* _Task inputs_:

※

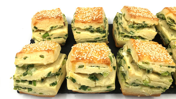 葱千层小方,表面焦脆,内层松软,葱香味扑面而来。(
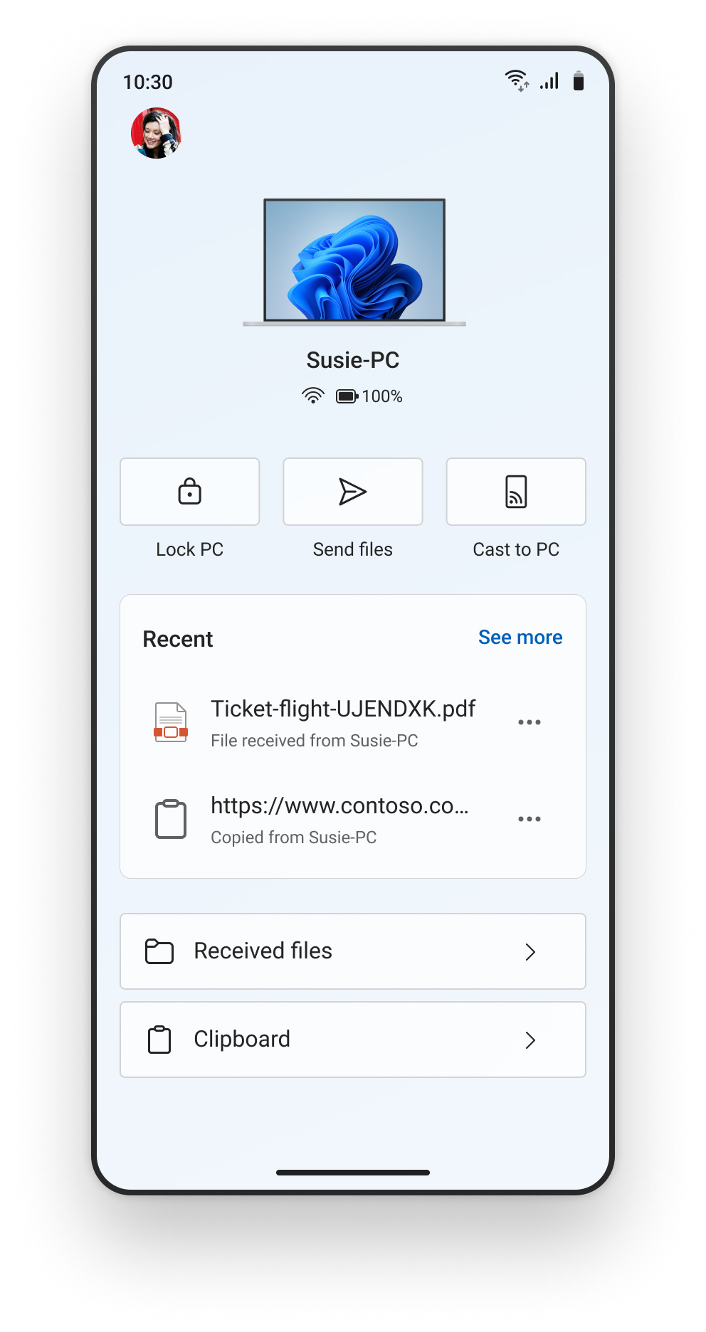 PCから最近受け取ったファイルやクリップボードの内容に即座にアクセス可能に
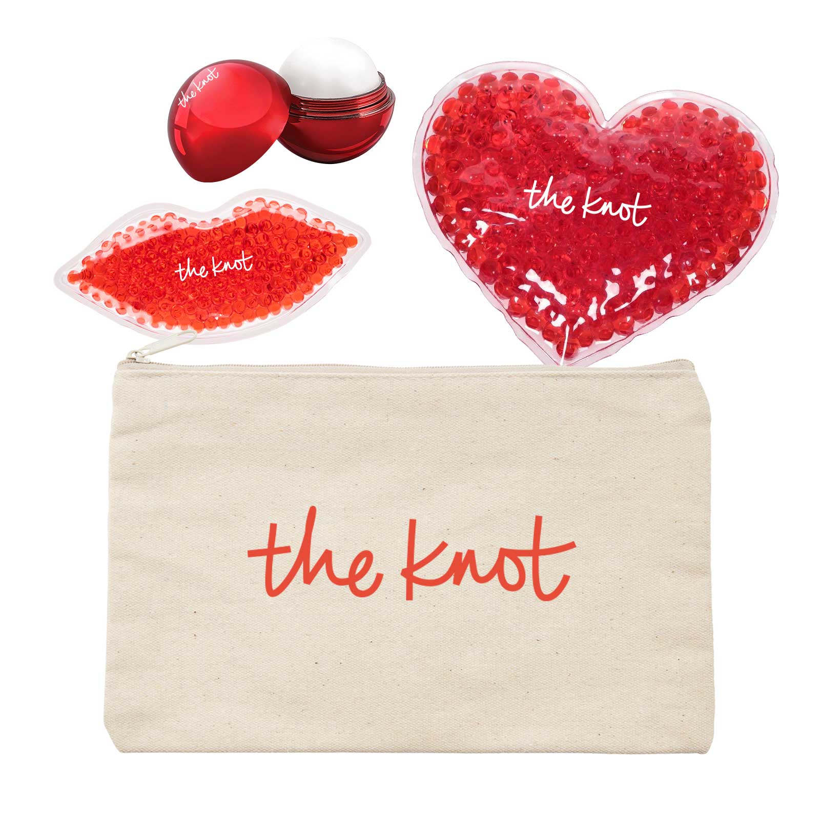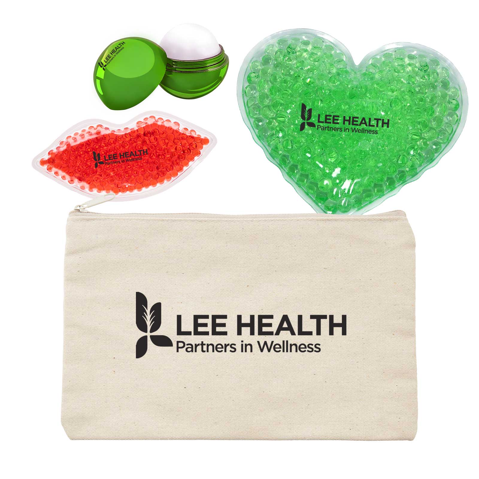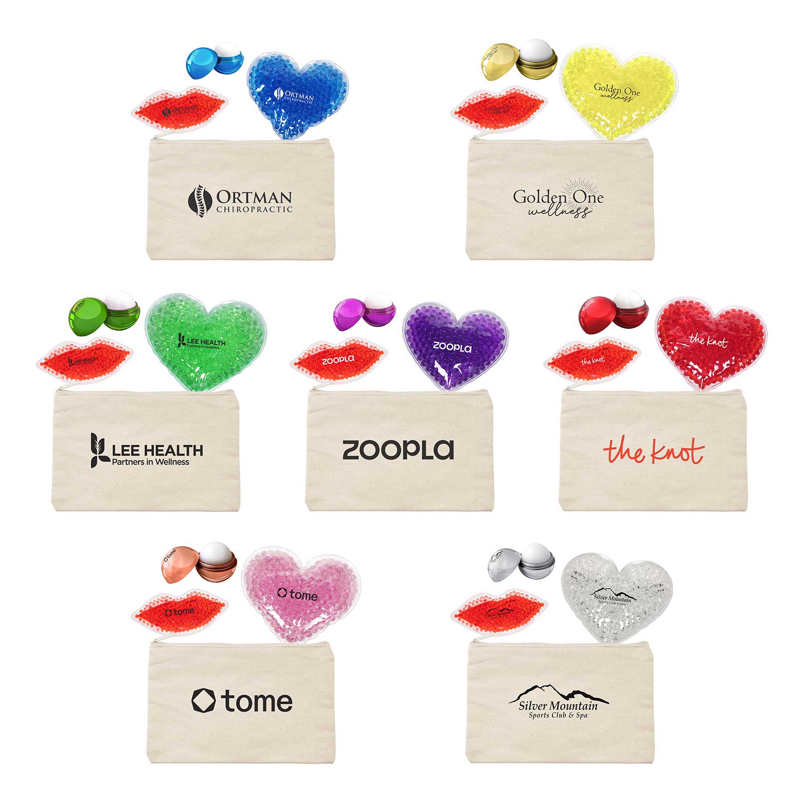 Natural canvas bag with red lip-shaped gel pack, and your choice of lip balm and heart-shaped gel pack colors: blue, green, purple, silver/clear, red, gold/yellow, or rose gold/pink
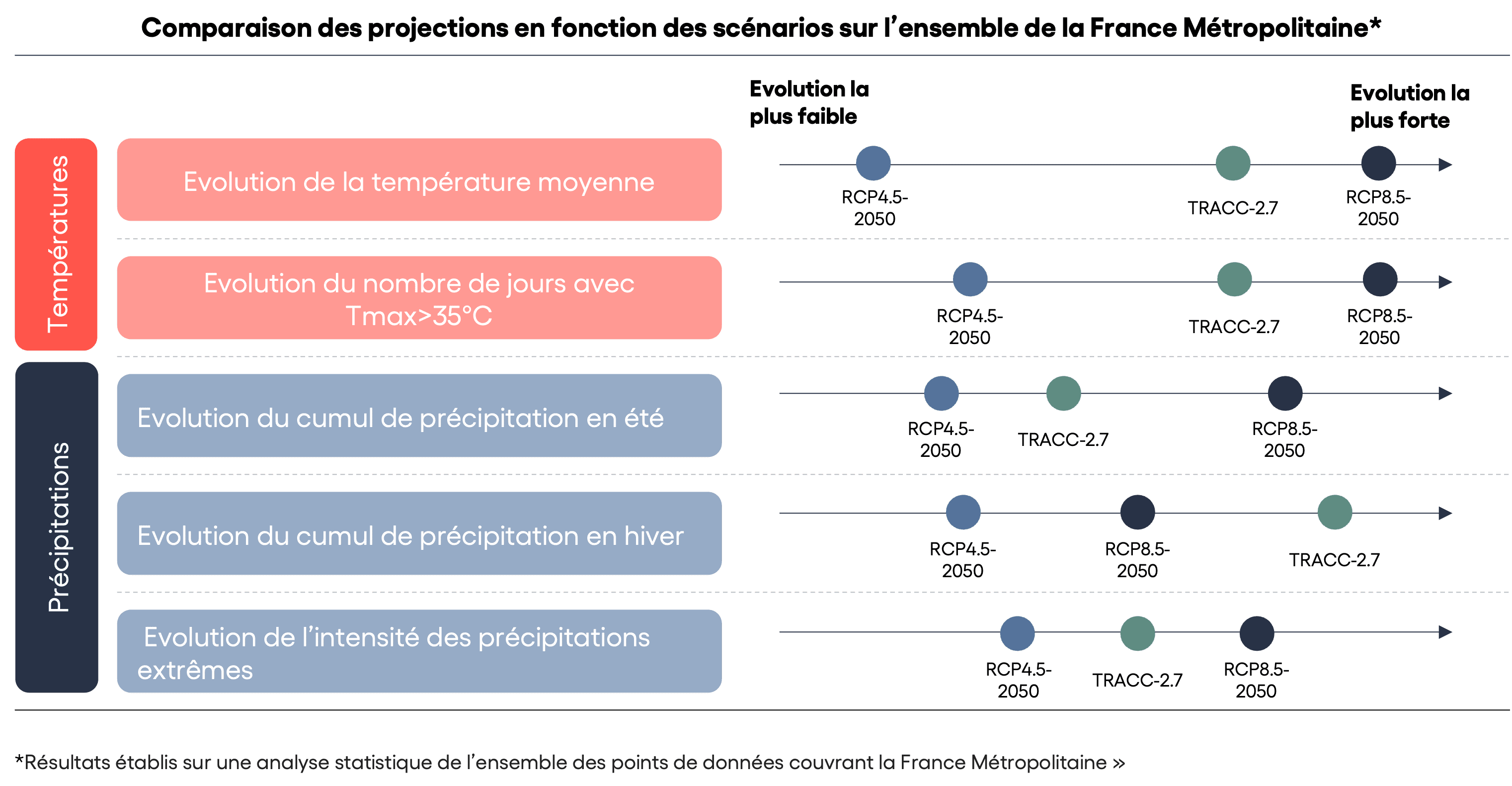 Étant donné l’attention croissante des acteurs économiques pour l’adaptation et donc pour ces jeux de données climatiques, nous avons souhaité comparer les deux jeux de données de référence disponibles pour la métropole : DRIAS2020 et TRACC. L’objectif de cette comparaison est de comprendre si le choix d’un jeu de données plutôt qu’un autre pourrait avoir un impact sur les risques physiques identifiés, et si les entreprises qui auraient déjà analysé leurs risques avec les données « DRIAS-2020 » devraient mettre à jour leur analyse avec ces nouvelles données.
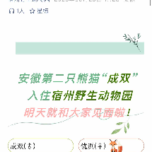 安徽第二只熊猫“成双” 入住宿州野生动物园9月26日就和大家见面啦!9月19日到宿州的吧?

※

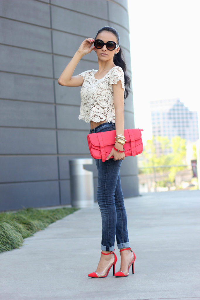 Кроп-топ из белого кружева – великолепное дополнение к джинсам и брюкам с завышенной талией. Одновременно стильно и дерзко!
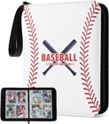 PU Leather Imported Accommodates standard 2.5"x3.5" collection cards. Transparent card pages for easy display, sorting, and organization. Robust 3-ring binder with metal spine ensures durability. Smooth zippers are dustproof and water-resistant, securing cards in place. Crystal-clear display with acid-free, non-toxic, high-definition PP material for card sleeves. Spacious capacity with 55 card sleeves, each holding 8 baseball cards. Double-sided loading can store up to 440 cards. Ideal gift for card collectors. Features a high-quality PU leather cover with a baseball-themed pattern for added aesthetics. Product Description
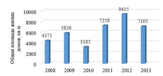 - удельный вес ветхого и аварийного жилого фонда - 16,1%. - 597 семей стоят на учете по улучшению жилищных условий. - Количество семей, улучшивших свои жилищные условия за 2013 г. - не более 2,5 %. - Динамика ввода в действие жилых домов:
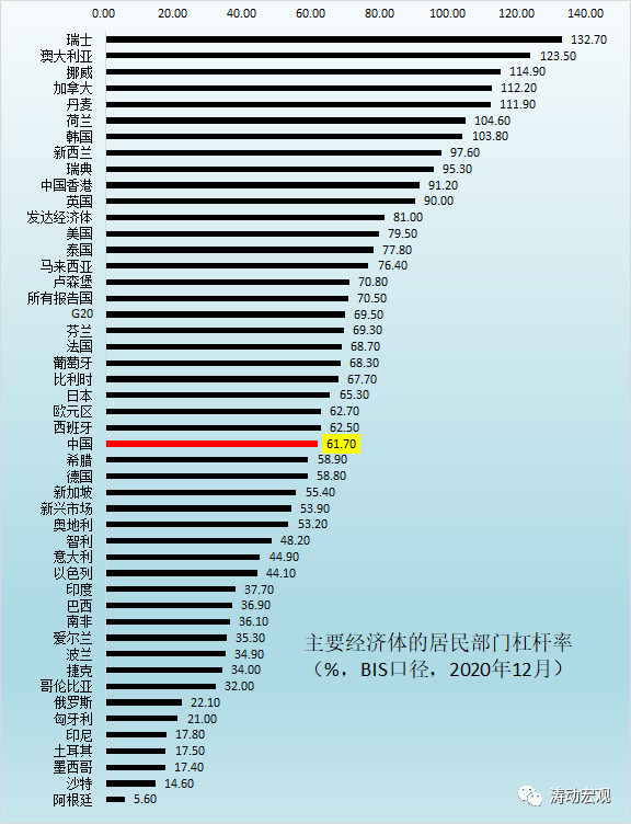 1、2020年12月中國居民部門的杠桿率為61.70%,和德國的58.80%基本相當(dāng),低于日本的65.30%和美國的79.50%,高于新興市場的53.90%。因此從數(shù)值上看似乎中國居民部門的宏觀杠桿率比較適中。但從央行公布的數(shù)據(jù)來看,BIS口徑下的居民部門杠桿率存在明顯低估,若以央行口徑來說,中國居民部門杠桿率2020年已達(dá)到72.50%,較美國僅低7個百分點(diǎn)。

※

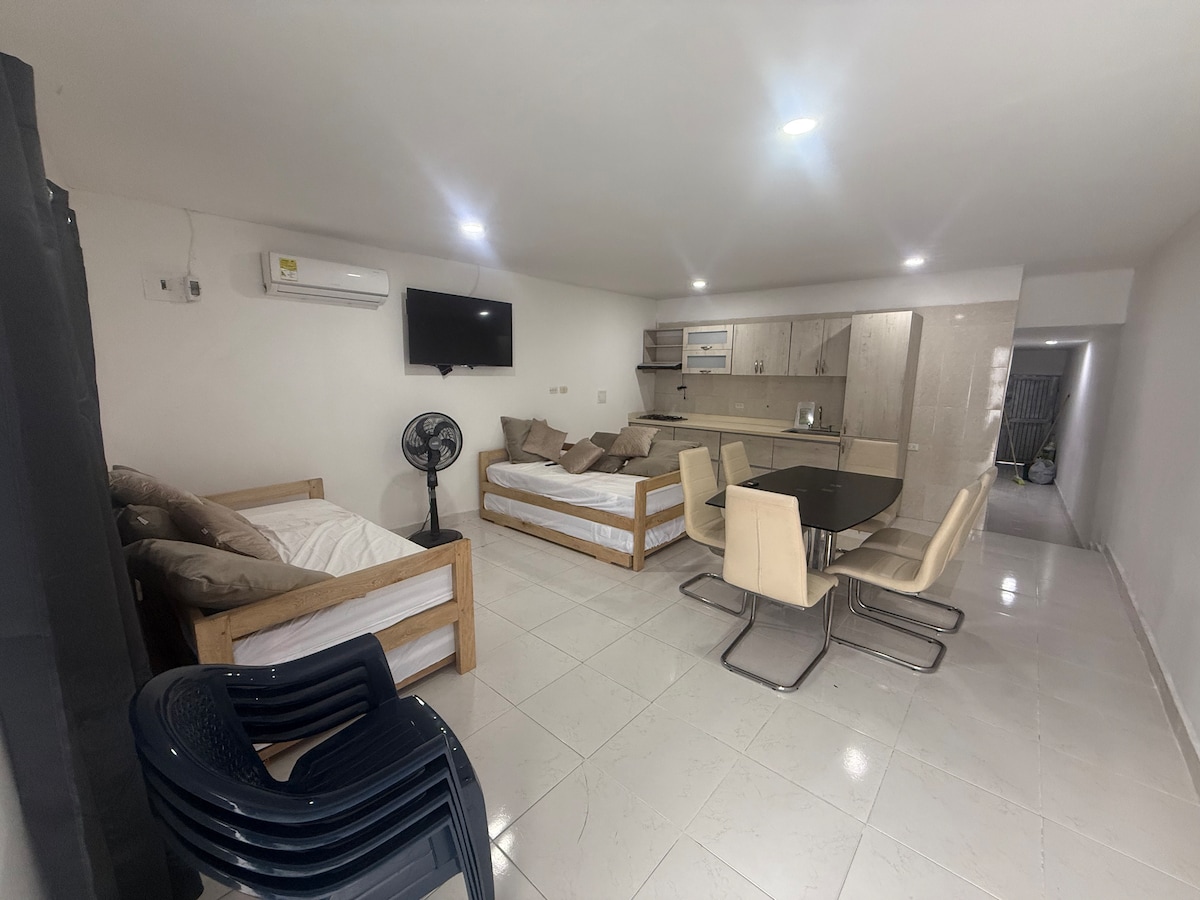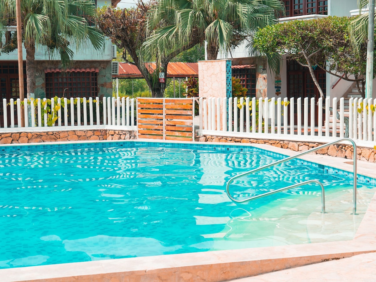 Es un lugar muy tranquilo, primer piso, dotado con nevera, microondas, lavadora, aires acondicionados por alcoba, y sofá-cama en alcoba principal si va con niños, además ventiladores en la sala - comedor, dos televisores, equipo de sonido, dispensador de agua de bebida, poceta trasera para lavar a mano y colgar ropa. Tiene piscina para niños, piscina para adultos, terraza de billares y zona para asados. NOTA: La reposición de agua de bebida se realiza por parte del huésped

※

In the listing above, find the line containing "Кроп-топ из белого". Output it and every line after it up to and including the line containing "PU Leather Imported", exactly, but skip the pictures.

* _Result of this task_:
 Кроп-топ из белого кружева – великолепное дополнение к джинсам и брюкам с завышенной талией. Одновременно стильно и дерзко!
 PU Leather Imported Accommodates standard 2.5"x3.5" collection cards. Transparent card pages for easy display, sorting, and organization. Robust 3-ring binder with metal spine ensures durability. Smooth zippers are dustproof and water-resistant, securing cards in place. Crystal-clear display with acid-free, non-toxic, high-definition PP material for card sleeves. Spacious capacity with 55 card sleeves, each holding 8 baseball cards. Double-sided loading can store up to 440 cards. Ideal gift for card collectors. Features a high-quality PU leather cover with a baseball-themed pattern for added aesthetics. Product Description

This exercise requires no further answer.